• PROBLEM STATEMENT: Print the lines of the listing below verbatim from its first line through the line bearing "〇牛乳 〇白玉入り冬至かぼちゃ 〇みかん". Any pictures are to be omitted.

• GIVEN INFORMATION:
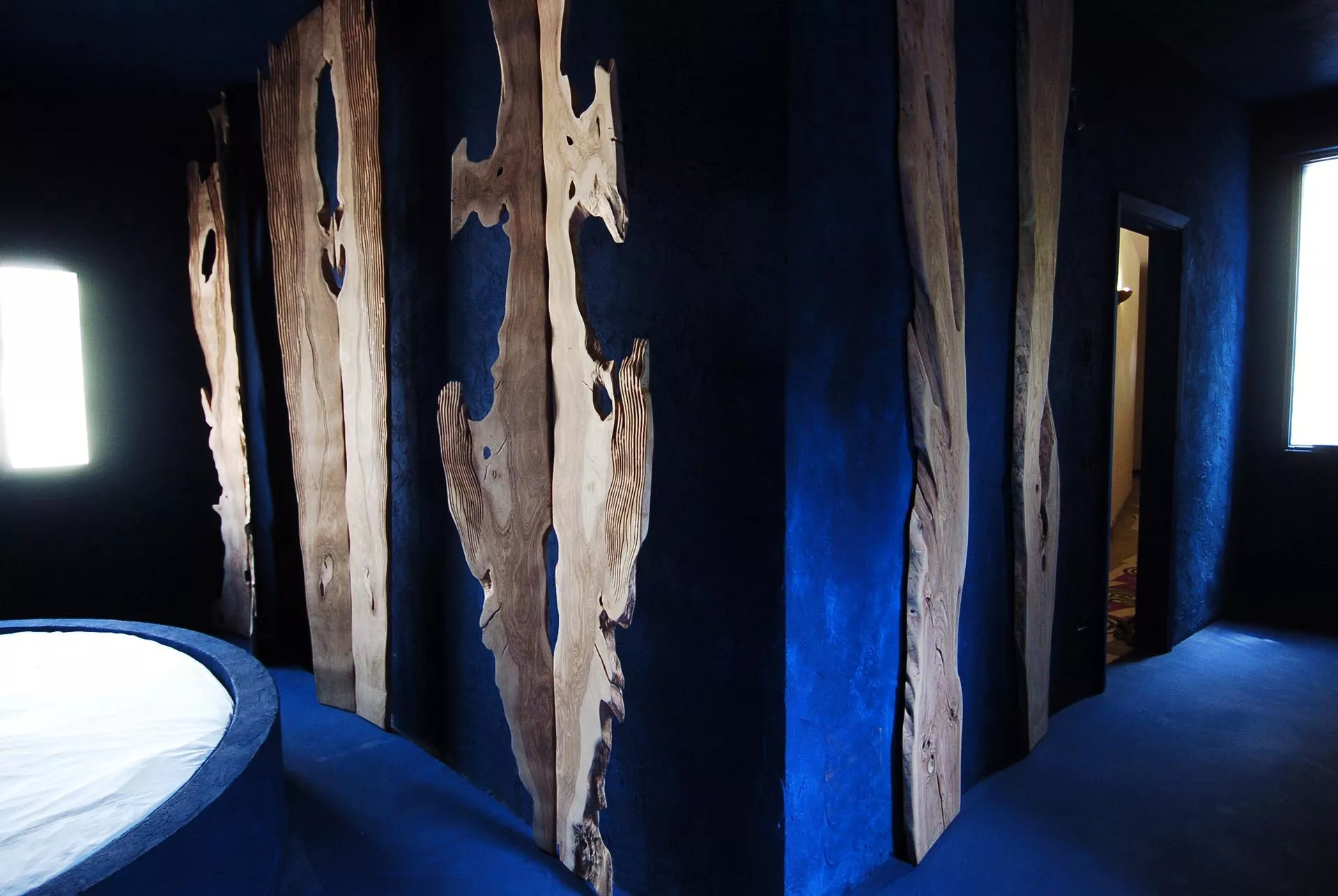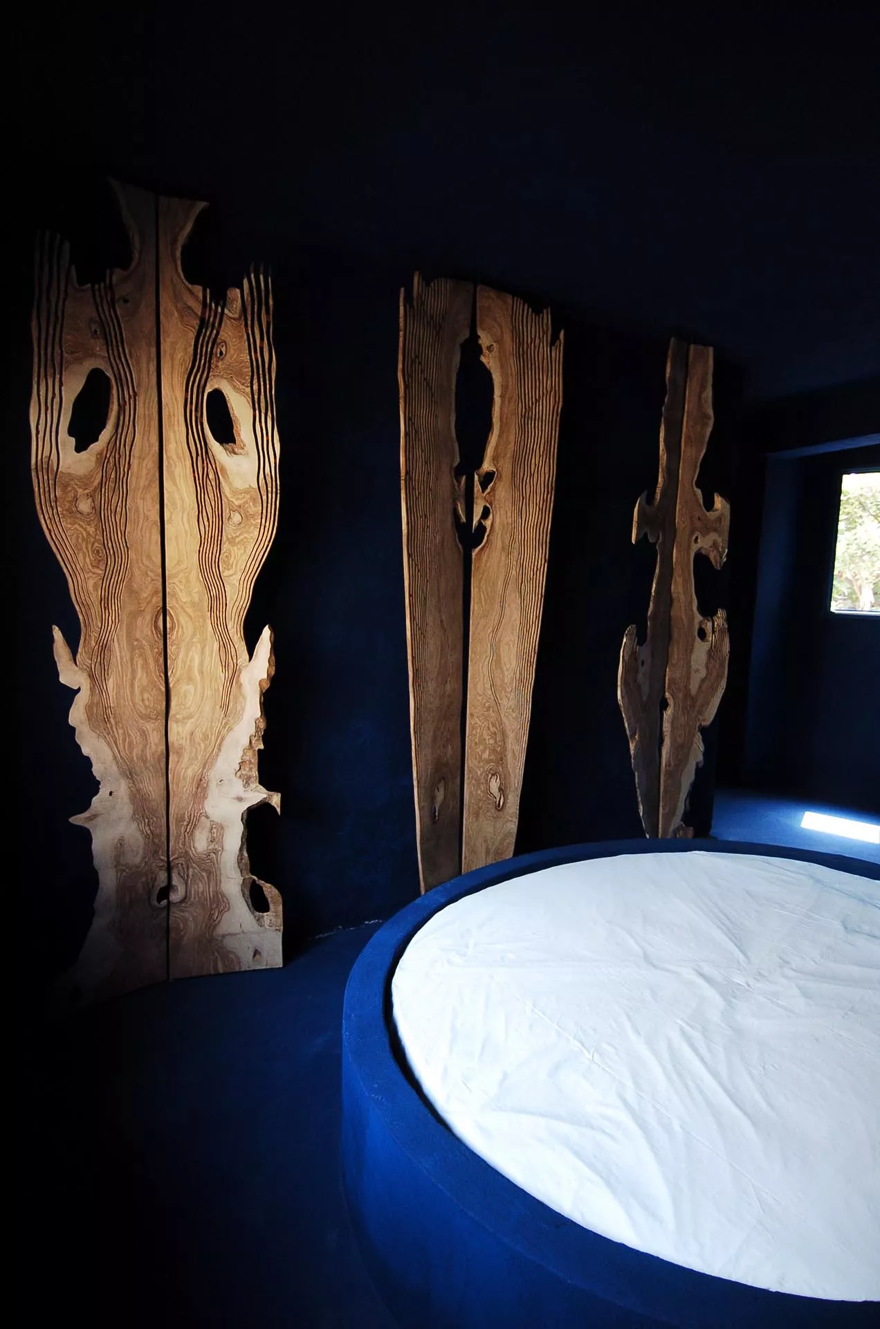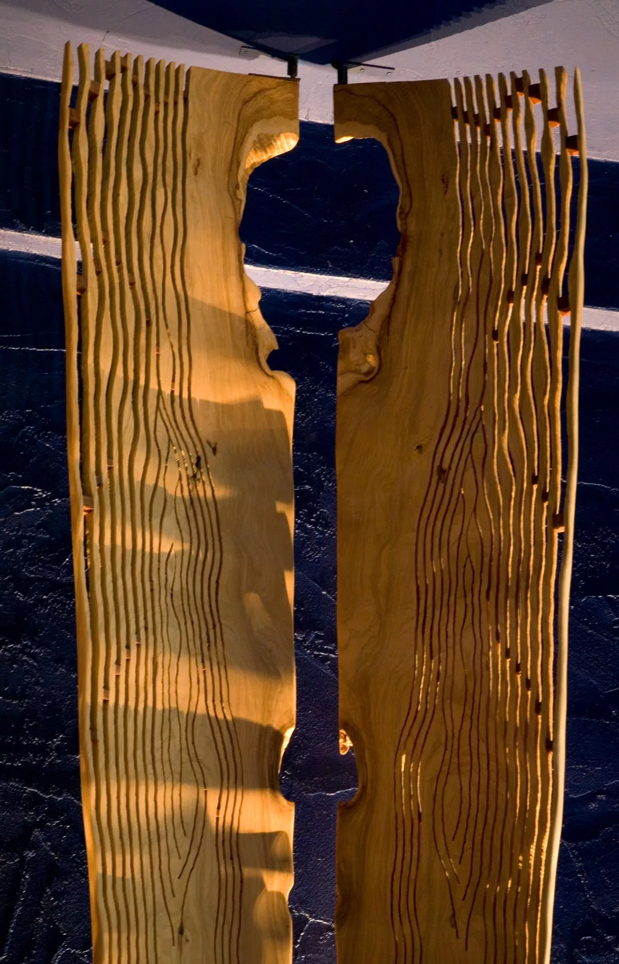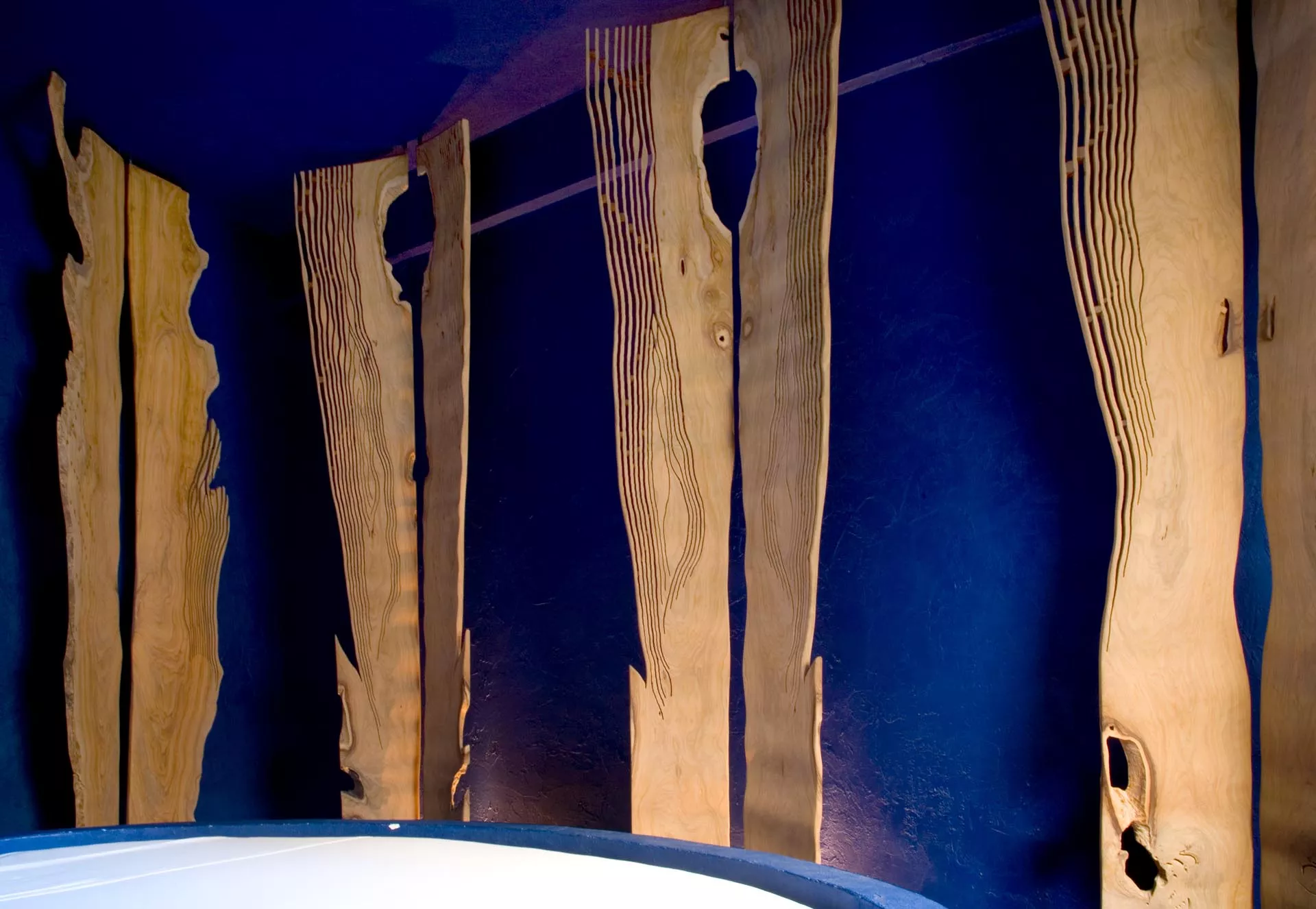 Per la realizzazione della stanza sono stati utilizzati due tronchi di ulivo che sono stati sezionati longitudinalmente ricavandone 12 sculture.
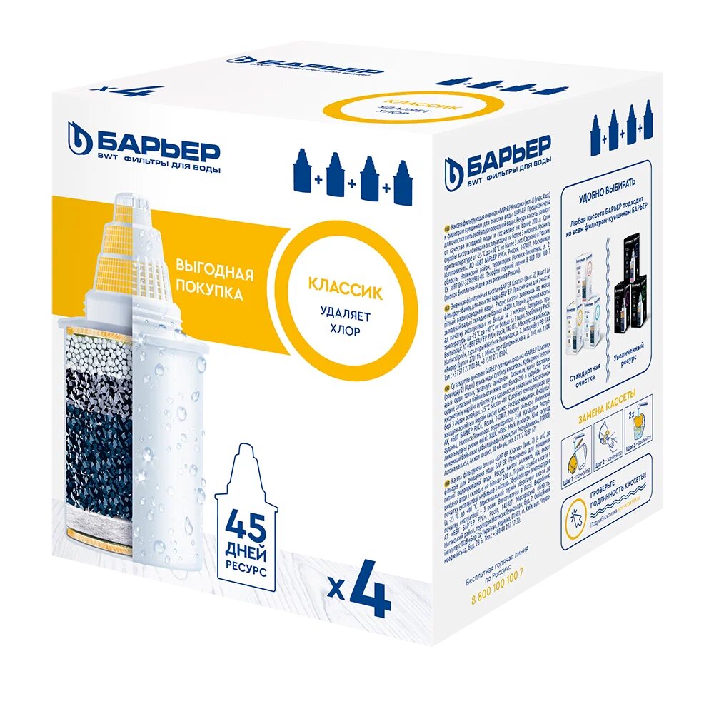 Купить Комплект сменных кассет для фильтра кувшина Барьер Классик, 4 шт, против хлора и вредных примесей
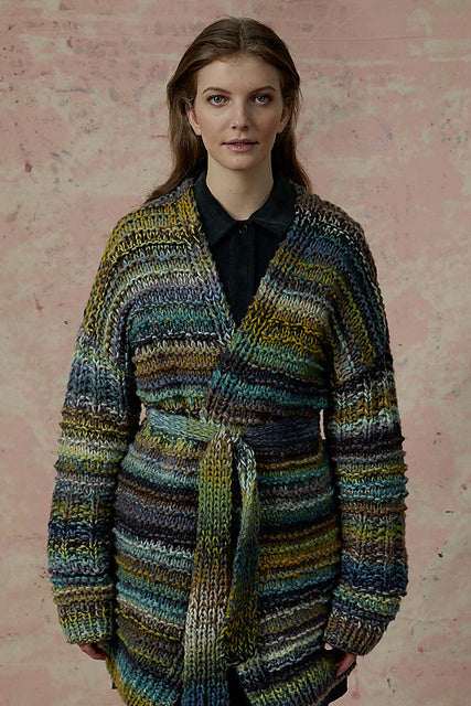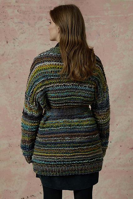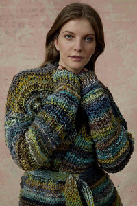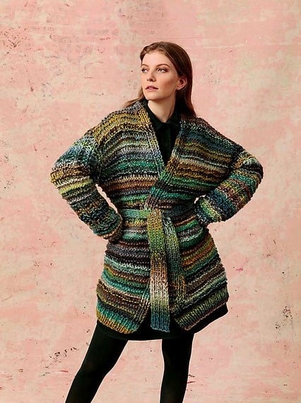 The jacket is knitted with a double strand of yarn.
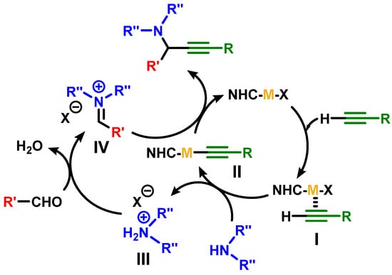 A proposed plausible mechanism for this three-components reaction, catalyzed by a late-transition metal NHC complex, is reported in Scheme 2 [15,17]. After the formation of an intermediate complex by side-on coordination of the alkyne to the metal, the weakly basic amine deprotonates the alkyne (whose acidity is now increased) and thus generates the corresponding metal acetylide. Lastly, the addition of this intermediate to an in situ generated imine (or iminium ion), leads to the desired propargylamine [18,19,20,21,22].
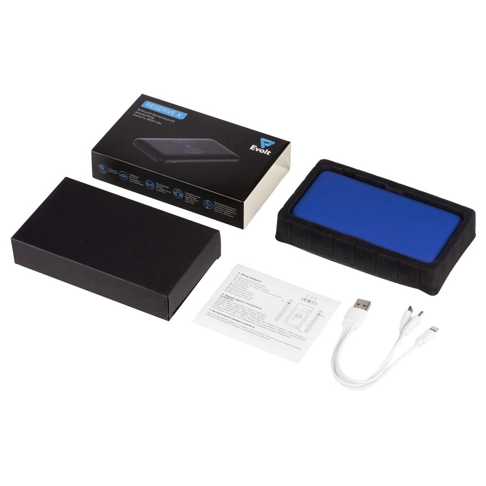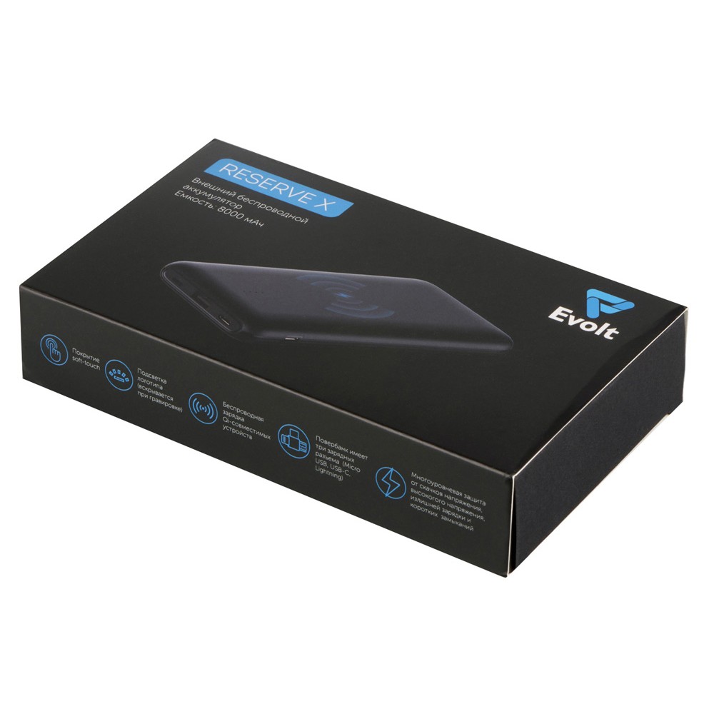 Корпус внешнего беспроводного аккумулятора Reserve X от Evolt покрыт soft touch, а при гравировке открывает подсветку логотипа. Гравировку можно компоновать с УФ-печатью, что позволит создать интересное сочетание подсвеченного контура и цветного изображения. Это — не единственный плюс: Reserve X имеет беспроводную зарядку Qi-совместимых устройств, а еще — многоуровневую защиту от нестабильного напряжения и замыканий, которая обезопасит и аккумулятор, и заряжаемый гаджет. Зарядить повербанк можно через 3 порта, зарядить от него устройство — через 2.
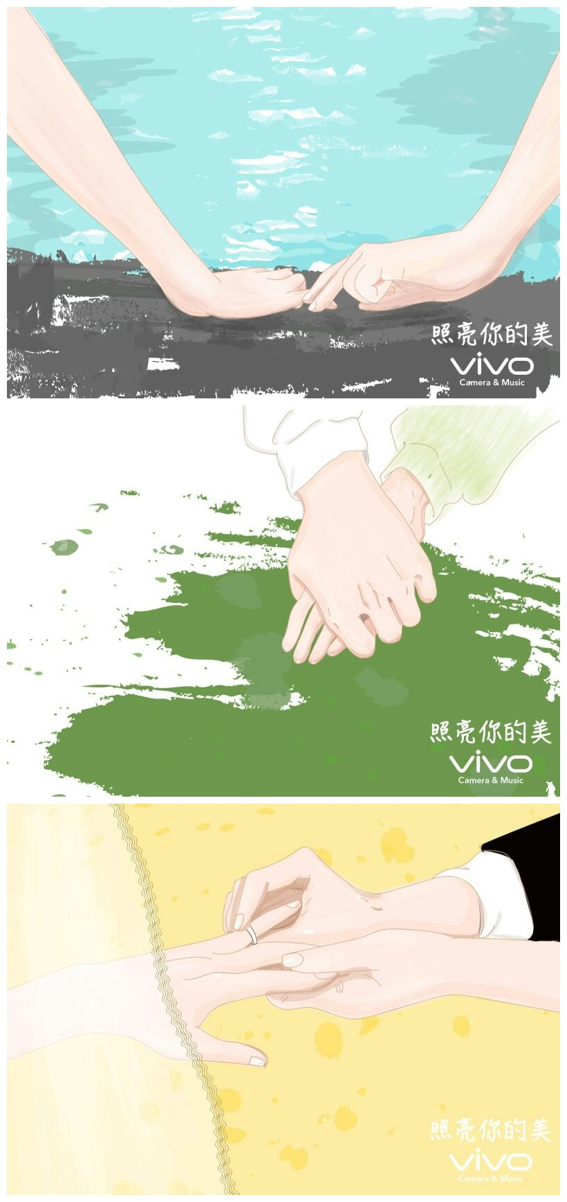 在陈晓环、张慧子、雷蕾、王婉婉、周古月、李峤雪老师的指导下,陈菲、任秋雨同学的作品紧密围绕“vivo照亮你的美”进行创作,以文字为创意,新颖独特。张璐同学将vivo的美分为三个阶段,青涩的初识,甜蜜的热恋,幸福的婚礼。用局部-手的姿势来传达微妙的情感变化,每个阶段的画面都令人感动,vivo记录下人生中最美好的时刻。两个作品同样均是vivo智能手机命题,却对vivo所照亮的“美”进行不同的诠释。
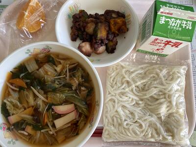 【メニュー】 〇すき焼きうどん 〇牛乳 〇白玉入り冬至かぼちゃ 〇みかん
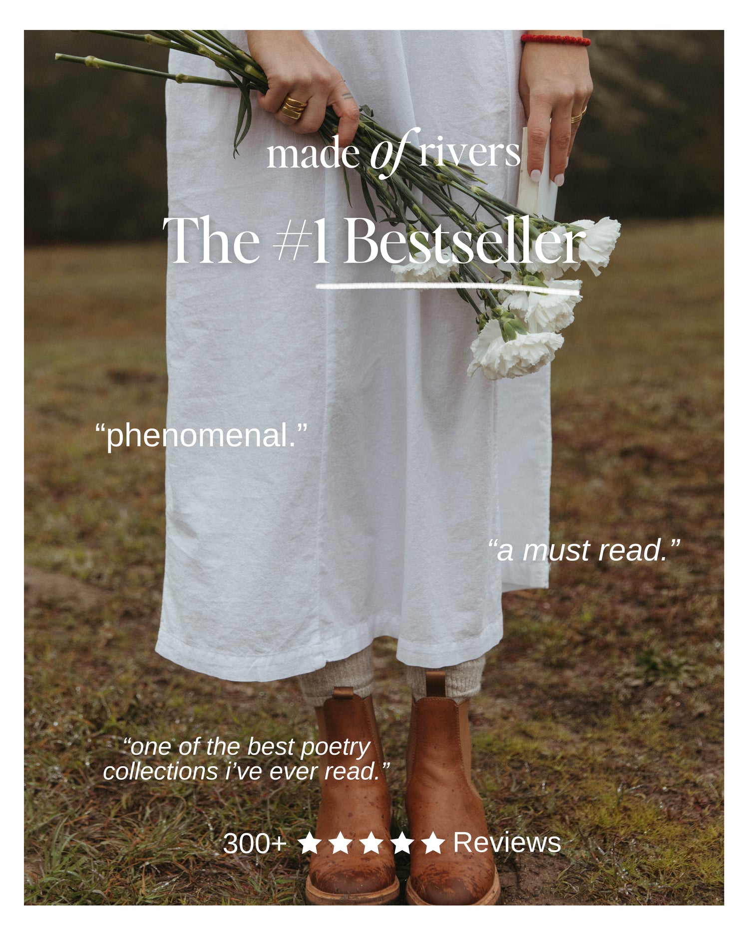 Made of Rivers was first released in June 2023 and quickly climbed to the top of the charts, debuting as the #1 Bestseller in multiple categories. The stunning collection, which will be re-released with Hay House this November 12th 2024, unearths the depths of the human heart at every turn. Revised and expanded with 30 new poems, this raw and poignant collection takes readers on a journey through the winding currents of self-discovery, transformation, and healing, culminating in a glistening sea of love and redemption. Raw, honest, and full of magic, Made of Rivers will wash anew all those who come to it, uncovering hidden corners of the self longing to be discovered.
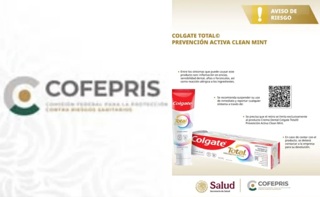 La Comisión Federal para la Protección contra Riesgos Sanitarios (Cofepris) ha emitido una alerta sanitaria nacional para retirar del mercado la Crema Dental Colgate Total Prevención Activa Clean Mint

• SOLUTION:
 Per la realizzazione della stanza sono stati utilizzati due tronchi di ulivo che sono stati sezionati longitudinalmente ricavandone 12 sculture.
 Купить Комплект сменных кассет для фильтра кувшина Барьер Классик, 4 шт, против хлора и вредных примесей
 The jacket is knitted with a double strand of yarn.
 A proposed plausible mechanism for this three-components reaction, catalyzed by a late-transition metal NHC complex, is reported in Scheme 2 [15,17]. After the formation of an intermediate complex by side-on coordination of the alkyne to the metal, the weakly basic amine deprotonates the alkyne (whose acidity is now increased) and thus generates the corresponding metal acetylide. Lastly, the addition of this intermediate to an in situ generated imine (or iminium ion), leads to the desired propargylamine [18,19,20,21,22].
 Корпус внешнего беспроводного аккумулятора Reserve X от Evolt покрыт soft touch, а при гравировке открывает подсветку логотипа. Гравировку можно компоновать с УФ-печатью, что позволит создать интересное сочетание подсвеченного контура и цветного изображения. Это — не единственный плюс: Reserve X имеет беспроводную зарядку Qi-совместимых устройств, а еще — многоуровневую защиту от нестабильного напряжения и замыканий, которая обезопасит и аккумулятор, и заряжаемый гаджет. Зарядить повербанк можно через 3 порта, зарядить от него устройство — через 2.
 在陈晓环、张慧子、雷蕾、王婉婉、周古月、李峤雪老师的指导下,陈菲、任秋雨同学的作品紧密围绕“vivo照亮你的美”进行创作,以文字为创意,新颖独特。张璐同学将vivo的美分为三个阶段,青涩的初识,甜蜜的热恋,幸福的婚礼。用局部-手的姿势来传达微妙的情感变化,每个阶段的画面都令人感动,vivo记录下人生中最美好的时刻。两个作品同样均是vivo智能手机命题,却对vivo所照亮的“美”进行不同的诠释。
 【メニュー】 〇すき焼きうどん 〇牛乳 〇白玉入り冬至かぼちゃ 〇みかん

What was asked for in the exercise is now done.